Rare chromosome abnormalities, prevalence and prenatal diagnosis rates from population-based congenital anomaly registers in Europe.

The aim of this study is to quantify the prevalence and types of rare chromosome abnormalities (RCAs) in Europe for 2000-2006 inclusive, and to describe prenatal diagnosis rates and pregnancy outcome.
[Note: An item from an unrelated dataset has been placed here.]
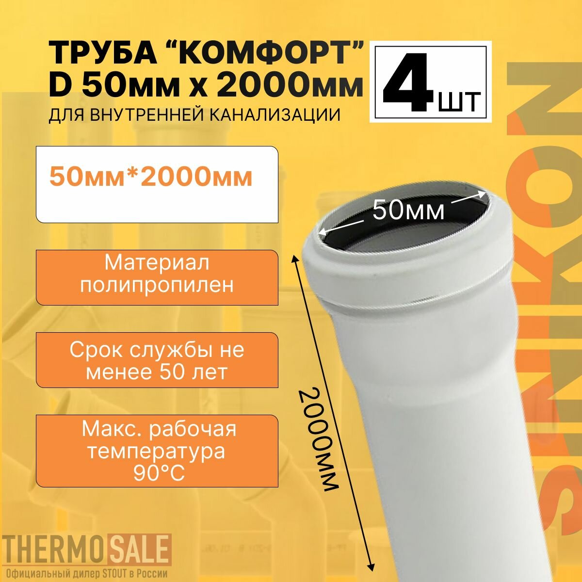Отзывы на Труба канализационная 4 шт комфорт плюс D 50мм х 2000мм цвет белый Sinikon
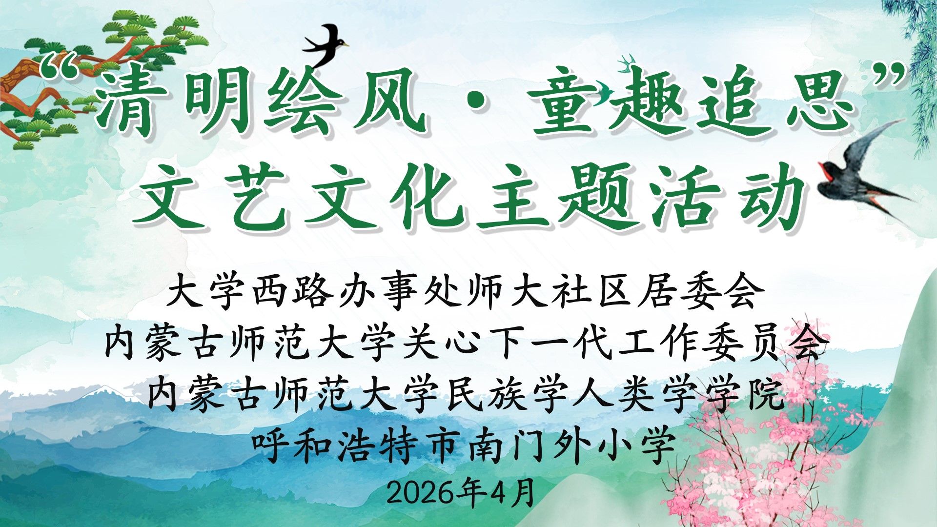 清明时节,春风和煦,草木萌发。内蒙古师范大学关心下一代工作委员会为传承红色基因,引导青少年铭记历史、感恩缅怀、培养爱国情怀、了解清明文化,于4月2日上午在内蒙古师范大学离退休教职工活动中心联合内蒙古师范大学民族学人类学学院、大学西路办事处师大居委会、南门外小学组织开展了以“清明绘风·童趣追思”文艺文化为主题的清明节教育活动。

Data held by the European Surveillance of Congenital Anomalies database were analysed on all the cases from 16 population-based registries in 11 European countries diagnosed prenatally or before 1 year of age, and delivered between 2000 and 2006. Cases were all unbalanced chromosome abnormalities and included live births, fetal deaths from 20 weeks gestation and terminations of pregnancy for fetal anomaly. There were 10,323 cases with a chromosome abnormality, giving a total birth prevalence rate of 43.8/10,000 births. Of these, 7335 cases had trisomy 21,18 or 13, giving individual prevalence rates of 23.0, 5.9 and 2.3/10,000 births, respectively (53, 13 and 5% of all reported chromosome errors, respectively). In all, 473 cases (5%) had a sex chromosome trisomy, and 778 (8%) had 45,X, giving prevalence rates of 2.0 and 3.3/10,000 births, respectively. There were 1,737 RCA cases (17%), giving a prevalence of 7.4/10,000 births. These included triploidy, other trisomies, marker chromosomes, unbalanced translocations, deletions and duplications. There was a wide variation between the registers in both the overall prenatal diagnosis rate of RCA, an average of 65% (range 5-92%) and the prevalence of RCA (range 2.4-12.9/10,000 births). In all, 49% were liveborn. The data provide the prevalence of families currently requiring specialised genetic counselling services in the perinatal period for these conditions and, for some, long-term care.